--- PROVIDED MATERIAL ---

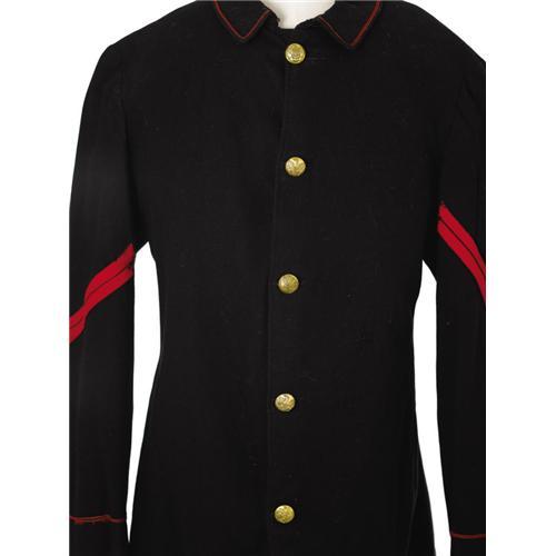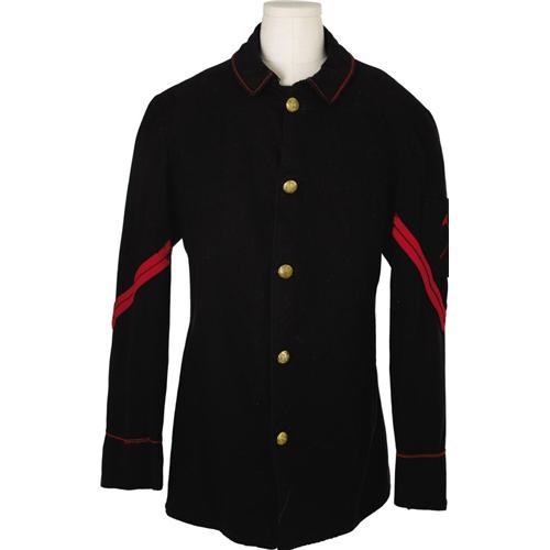 <B>M1874 Artillery Pioneer Corporal's Fatigue Blouse,</B></I> dark blue wool, five eagle buttons on front with two cuff buttons on each sleeve, red piping and insignia, left chevron enclosing schematic crossed axes. A wonderful Indian Wars jacket in exceptionally nice condition.<BR><BR><b>Shipping:</b> Clothing & Costumes (<a target="_blank" href="http://www.heritageauctions.com/common/shipping.php">view shipping information</a>)
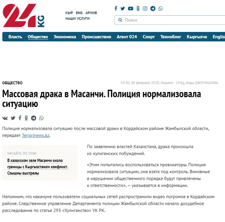РИА Новости ақпарат порталы Қордай ауданындағы оқиғаның мән-жайын бүге-шігесіне дейін таратып отырған ресейлік порталдардың бірі. Сайт қайғылы оқиғаның неден туғанын, себебін және билік өкілдерінің әрекетін баяндаған.
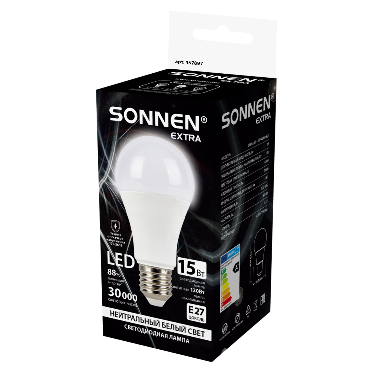 Лампа светодиодная SONNEN EXTRA, 15 (130) Вт, Е27, груша, нейтральный белый, 30000 ч, LED A60-15W-4000-Е27 Код товара: 457897 101,3 ₽ Купить Производитель:SONNEN Светодиодная лампа SONNEN EXTRA компактного размера. Срок службы лампы составляет не менее 30000 часов, что примерно в 30 раз больше, чем у обычной лампы накаливания. Оснащена цоколем типа Е27 и излучает нейтральный белый cвет. Отличается длительным сроком службы. Имеет грушевидную форму колбы и сделана из белого матового пластика. Мощность лампы составляет 15 Вт. Представленная модель дает световой поток 1600 Лм, а цветовая температура равна 4000 K. Диаметр лампы составляет 60 мм. Производитель сохраняет за собой право на внесение изменений в технические характеристики, комплектацию и конструкцию данной модели для улучшения эксплуатационных свойств без предварительного уведомления.Производство: Китай Тип цоколя : E27Количество в комплекте: 1 шт.Оттенок света: нейтральный белыйМощность: 15 ВтТип лампы: светодиоднаяТип колбы: грушаВид колбы: матоваяМинимальное рабочее напряжение: 175 ВМаксимальное рабочее напряжение: 265 ВМощность эквивалентной по световому потоку лампы накаливания: 130 ВтСветовой поток: 1600 ЛмЦветовая температура: 4000 КИндекс цветопередачи: 80 %Срок службы: 30000 ч.Высота (длина) лампы: 123 ммДиаметр лампы: 60 ммСерия: EXTRAВес: 50 грРазмер упаковки: 6.2 × 15.8 × 6.2 смОбъём: 0.0006 м3Промежуточная упаковка: 100 штТранспортная упаковка: 100 штШтрих-код: 4606224501567 Сертификат-1.jpg Сертификат-2.jpg
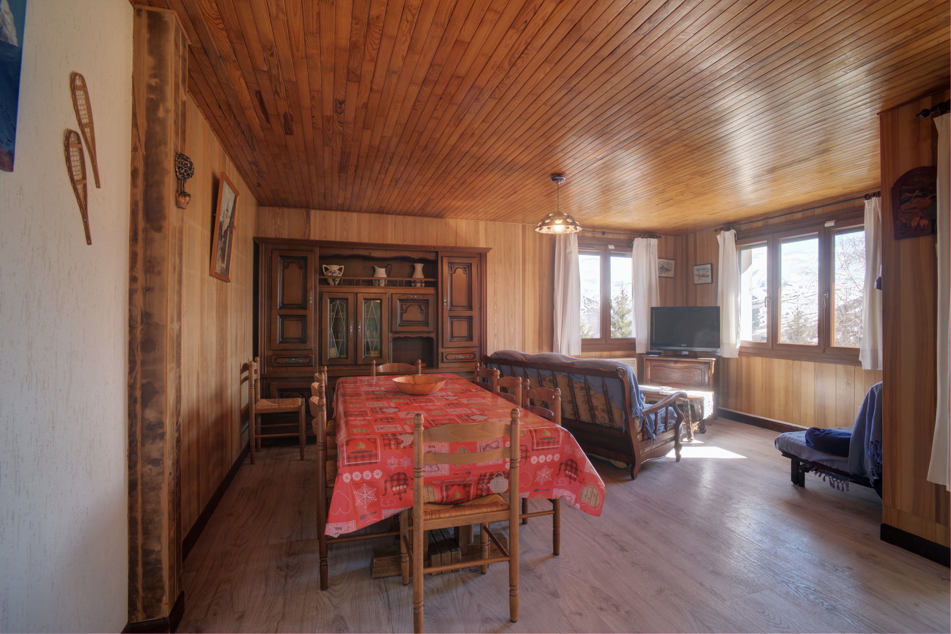 - SEJOUR : grande pièce orientée sud/ouest ; TV écran plat ; 2 banquettes fixes ; table + 8 chaises.

--- WORK INSTRUCTION ---
Output only the lines that run from the line containing "РИА Новости ақпарат" to the last line of the data, exactly as they stand and without pictures.

--- RESULT ---
РИА Новости ақпарат порталы Қордай ауданындағы оқиғаның мән-жайын бүге-шігесіне дейін таратып отырған ресейлік порталдардың бірі. Сайт қайғылы оқиғаның неден туғанын, себебін және билік өкілдерінің әрекетін баяндаған.
 Лампа светодиодная SONNEN EXTRA, 15 (130) Вт, Е27, груша, нейтральный белый, 30000 ч, LED A60-15W-4000-Е27 Код товара: 457897 101,3 ₽ Купить Производитель:SONNEN Светодиодная лампа SONNEN EXTRA компактного размера. Срок службы лампы составляет не менее 30000 часов, что примерно в 30 раз больше, чем у обычной лампы накаливания. Оснащена цоколем типа Е27 и излучает нейтральный белый cвет. Отличается длительным сроком службы. Имеет грушевидную форму колбы и сделана из белого матового пластика. Мощность лампы составляет 15 Вт. Представленная модель дает световой поток 1600 Лм, а цветовая температура равна 4000 K. Диаметр лампы составляет 60 мм. Производитель сохраняет за собой право на внесение изменений в технические характеристики, комплектацию и конструкцию данной модели для улучшения эксплуатационных свойств без предварительного уведомления.Производство: Китай Тип цоколя : E27Количество в комплекте: 1 шт.Оттенок света: нейтральный белыйМощность: 15 ВтТип лампы: светодиоднаяТип колбы: грушаВид колбы: матоваяМинимальное рабочее напряжение: 175 ВМаксимальное рабочее напряжение: 265 ВМощность эквивалентной по световому потоку лампы накаливания: 130 ВтСветовой поток: 1600 ЛмЦветовая температура: 4000 КИндекс цветопередачи: 80 %Срок службы: 30000 ч.Высота (длина) лампы: 123 ммДиаметр лампы: 60 ммСерия: EXTRAВес: 50 грРазмер упаковки: 6.2 × 15.8 × 6.2 смОбъём: 0.0006 м3Промежуточная упаковка: 100 штТранспортная упаковка: 100 штШтрих-код: 4606224501567 Сертификат-1.jpg Сертификат-2.jpg
 - SEJOUR : grande pièce orientée sud/ouest ; TV écran plat ; 2 banquettes fixes ; table + 8 chaises.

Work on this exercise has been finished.